Home Pro-Life US state is Ready to Roll Back Abortion Rights 

US state is Ready to Roll Back Abortion Rights 

For many years, reproductive freedom was at the forefront of the modern women’s movement’s goal. Choice played a key role at a time and in a place where rights were being enhanced and liberty valued, particularly the right to abortion, and more broadly to reproductive freedom and the numerous underlying issues involved.

This is why various attempts to criminalize abortion impact every citizen, as they pose a major threat to each person’s constitutional rights. “Congress shall make no laws respecting an establishment of religion, or prohibiting the free exercise of its use,” according to the Constitution. “No state shall make or enforce any laws that abridge the privileges or immunities of citizens of the United States, and the enumeration of certain rights in the Constitution shall not be construed to deny or disparage others retained by the people, and no state shall make or enforce any laws that abridge the privileges or immunities of citizens of the United States.”Each of these phrases demonstrates the founding principle of the Constitution: individual liberty.

While there has been some reasonable debate about what constitutes a constitutional right, the premise is clear: the government should not intervene in personal philosophical or religious affairs unless it allows for the freedom of such expression.

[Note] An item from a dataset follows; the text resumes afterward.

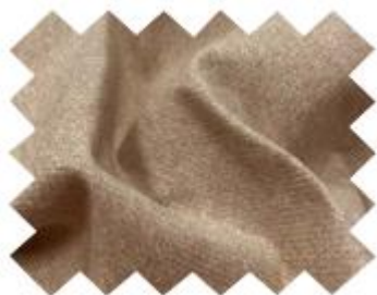
Soft Pink 0437
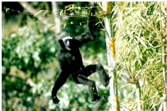
Image 5. Juvenile male in bamboo forest.

The anti-abortion movement argues its case by stating that a fertilized egg is a genuine person who should be afforded all of the Constitution’s protections. 


Roe v. Wade is the Supreme Court decision that established the current abortion law in the United States. In this 1973 decision, the Supreme Court determined that women have a legal right to have an abortion, based on an inherent right to privacy drawn from the Ninth and Fourteenth Amendments.

Wade that a fetus is not a person, but rather “potential life,” and so has no constitutional rights of its own. The Court also established a framework in which a woman’s right to abortion and the state’s right to protect potential life shift: During the first trimester of pregnancy, a woman’s right to privacy is strongest, and the state has no authority to control abortion for any reason. The state may control abortion only to preserve the woman’s health during the second trimester. The state may restrict or prohibit abortion during the third trimester to promote its interest in the output. 


The United States Supreme Court maintained a Texas law prohibiting abortions beyond six weeks, but only on narrow grounds. 
The court has suggested that it may limit or even eliminate the right to abortion, raising doubts about its ability to enforce constitutional rights and the impact of its rulings on contraception, gun ownership, and other liberties. 


SB 8 became law on September 1, 2021, in Texas. It forbids abortion if heart activity is found, which normally occurs around six weeks. The rule goes against the Supreme Court’s 1973 Roe v Wade ruling, which established a woman’s constitutional right to abortion until fetal viability (typically 23 to 24 weeks).

Opposition and supporters of abortion rights are still fighting in court, at the ballot box, and in state legislatures nearly five decades after the United States Supreme Court’s Roe v. Wade judgment. To give the Supreme Court a chance to overturn its Roe ruling, some states have introduced or passed new abortion restrictions in 2021.

In May, the Supreme Court agreed to hear a case involving a Mississippi law that would make most abortions after 15 weeks of pregnancy illegal. Since Justice Amy Coney Barrett took the bench in October, this will be the court’s first abortion law review.